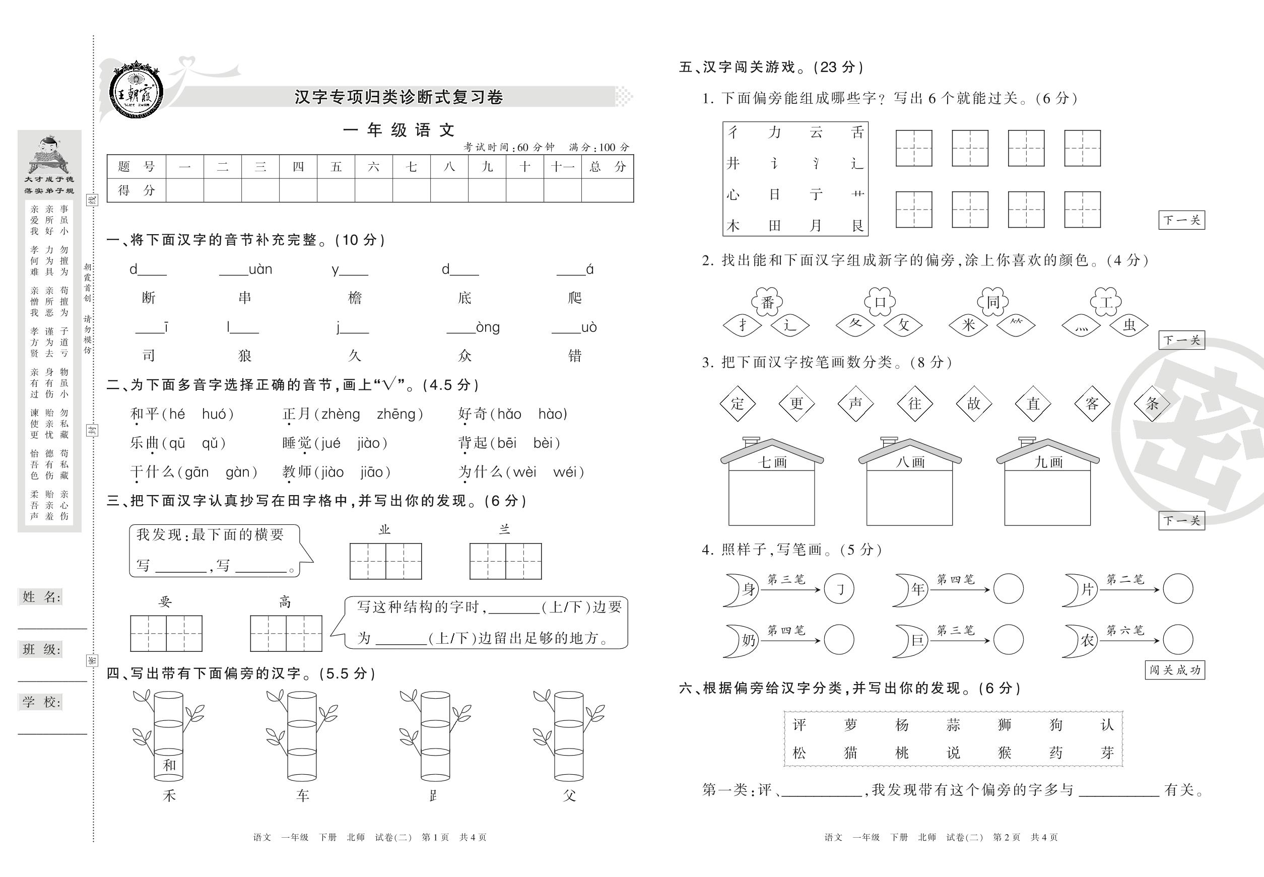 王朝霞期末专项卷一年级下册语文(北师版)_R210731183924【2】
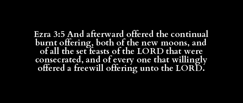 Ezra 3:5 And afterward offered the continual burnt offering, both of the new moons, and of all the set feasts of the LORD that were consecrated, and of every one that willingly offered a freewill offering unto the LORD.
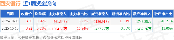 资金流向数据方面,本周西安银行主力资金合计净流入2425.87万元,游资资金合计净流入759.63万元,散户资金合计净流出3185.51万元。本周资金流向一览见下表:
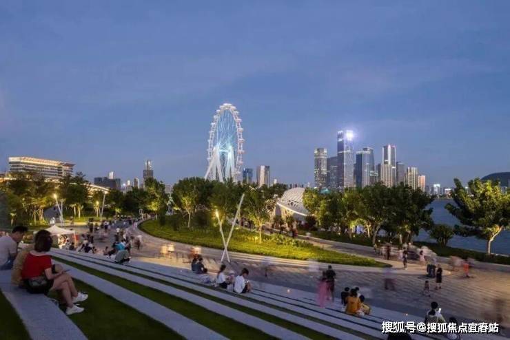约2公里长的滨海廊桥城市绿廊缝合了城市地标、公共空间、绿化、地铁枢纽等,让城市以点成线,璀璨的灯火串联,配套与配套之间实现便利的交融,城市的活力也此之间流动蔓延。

Your instructions: Reproduce the material word for word. Any pictures should be left out of the copy.

Answer space:
 王朝霞期末专项卷一年级下册语文(北师版)_R210731183924【2】
 Ezra 3:5 And afterward offered the continual burnt offering, both of the new moons, and of all the set feasts of the LORD that were consecrated, and of every one that willingly offered a freewill offering unto the LORD.
 资金流向数据方面,本周西安银行主力资金合计净流入2425.87万元,游资资金合计净流入759.63万元,散户资金合计净流出3185.51万元。本周资金流向一览见下表:
约2公里长的滨海廊桥城市绿廊缝合了城市地标、公共空间、绿化、地铁枢纽等,让城市以点成线,璀璨的灯火串联,配套与配套之间实现便利的交融,城市的活力也此之间流动蔓延。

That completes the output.